Je ne sais pas
Je ne vous ai jamais emmenées là-bas. Pourtant, à chaque fois que j’y passe, je pense un instant religieusement à vous. Ce col de la Croix de Chèvre (il y a toujours de ces noms curieux…) il n’a rien de particulier en soi, pas bien beau même si perdu au milieu de nulle part sur la route, des bois, dans les hauteurs d’ici. Enfin, si. Il a ça de particulier que le panneau l’indiquant, donnant son altitude à 698 mètres, il ne se trouve pas au point le plus haut. Je veux bien qu’il y ait le carrefour juste en dessous, qui puisse faire office de col, de croisée des chemins mais quand même, si le panneau est à 698 mètres, ils auraient pu le mettre au plus haut : une magie de peinture lui aurait fait afficher 700.
A chaque fois je pense à vous car il y a ce bois pas loin… oui, il n’y a que ça ici. Mais je les reconnais, ces hauts résineux qui dominent plus encore la hauteur, dénudés du pied jusqu’à la moitié de leurs 20 mètres, 30 peut-être. Dans la moiteur des étés qui se succèdent depuis, chacun de mes passages à vélo me fait faire ce coup d’œil. Il peut alors faire 30, 40 degrés, ce regard me ramène immédiatement au blizzard de ce 27 décembre.
Cette date elle est comme le col en lui-même, vous n’en faites pas partie, directement. Mais l’esprit sait ramifier, enraciner. Et dans le mien, il y a ces résineux. Toi et moi… vous et moi, s’il faut une date, c’était 7 jours avant. J’étais revenu de l’Ouest pour te dire « je pars », j’étais parti sans même savoir vers quoi, sans même savoir pourquoi. Quand tu es à l’amour, au désir, que des semis de futur te couvent, pourquoi partir ? J’étais parti quand même.
Ce n’est pas le « partir pour partir » de Baudelaire ou Gide, ce truc un peu romantique comme une doctrine du courage d’aller. C’était plutôt dans la veine de Céline, savoir qu’il y a la nuit, vouloir y faire le voyage jusqu’au bout, fuir dans des après, être poursuivi, hanté par ce mot après. Était-ce le crépuscule précédent ?
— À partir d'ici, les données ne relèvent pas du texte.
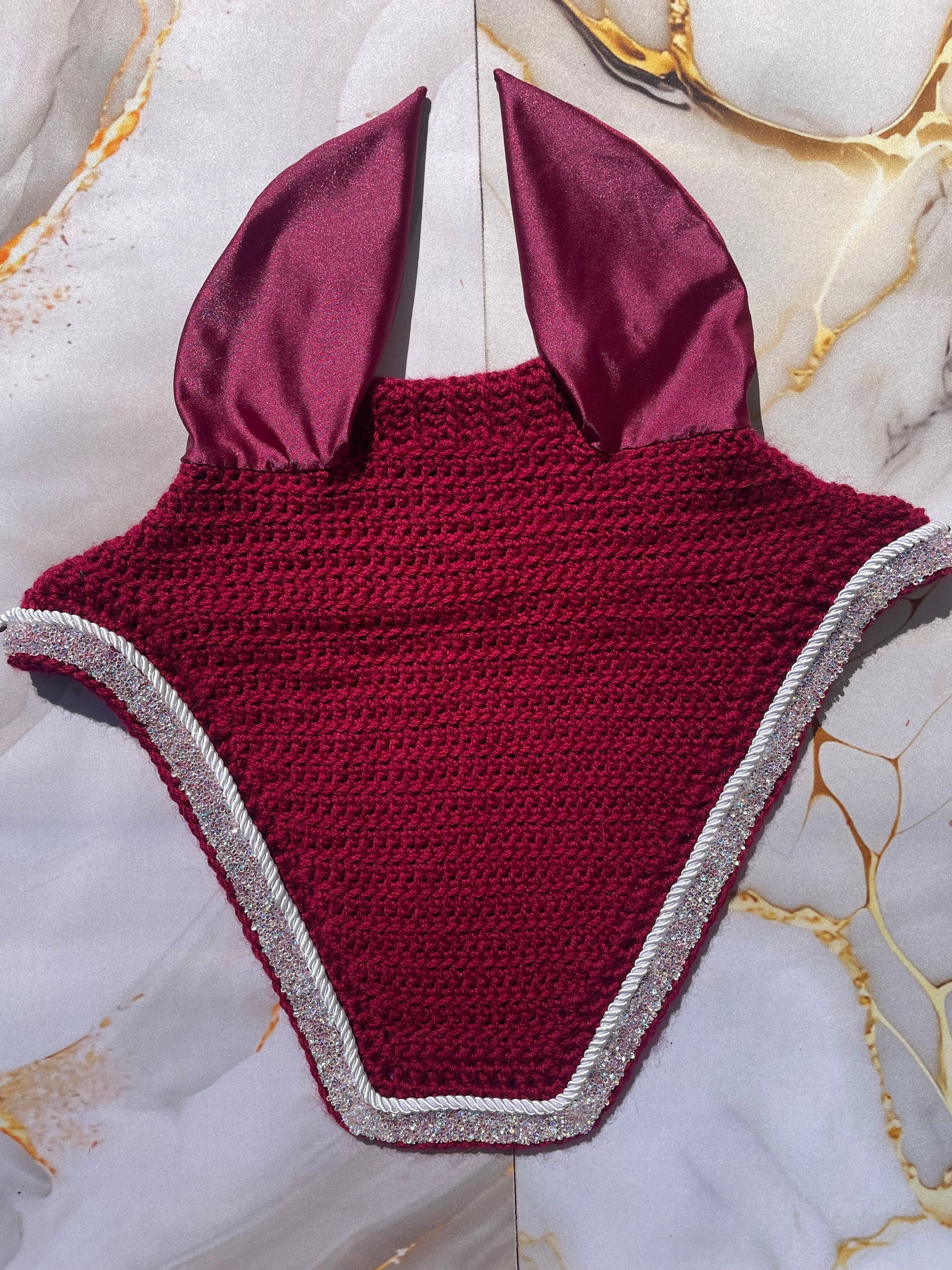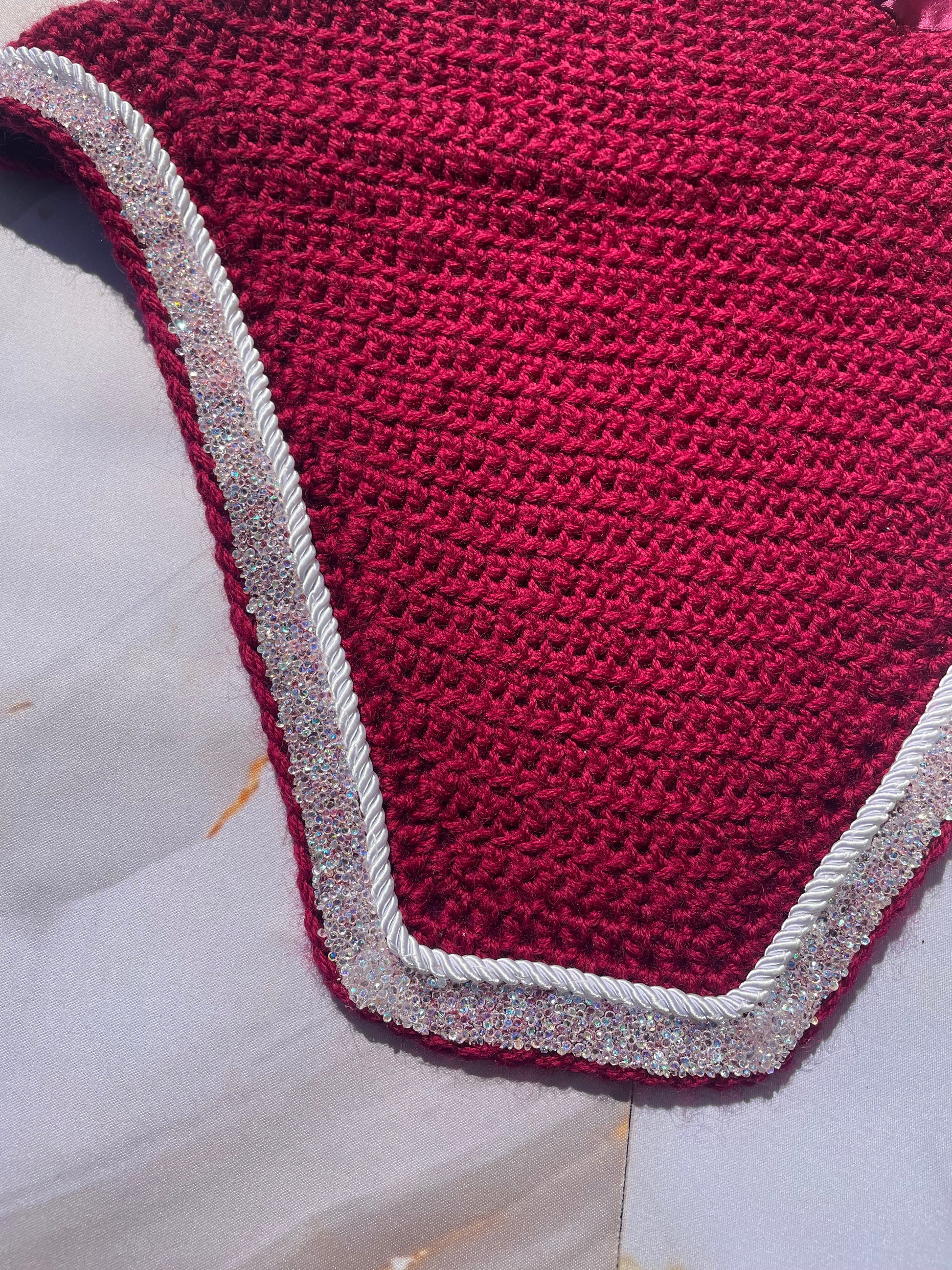 hand crafted crochet bonnet perfect for the show ring or a sparkly everyday ride

Vous aviez vécu beaucoup de nuits, ou du moins de jours oppressants, mais ce n’était pas pour vous en éviter une de plus que j’étais parti. Je partais en ne pensant qu’à moi. Sans même penser d’ailleurs, car il y avait un tel réseau de racines dans ma tête… Une inertie que je fuyais. Avec un peu plus de cette doctrine que l’on appelle courage, que l’on ne m’a jamais enseignée, que j’ai très mal apprise par moi-même, j’aurais pu me faire face, me dire : « tu auras beau fuir, l’inertie est d’abord en toi, alors à quoi bon perdre une femme, une fille, votre futur ? Pense ! Fais face ! ». Je suis parti. Parce que pour moi, aller ou fuir, c’était -et ça l’est toujours un peu d’ailleurs- faire face.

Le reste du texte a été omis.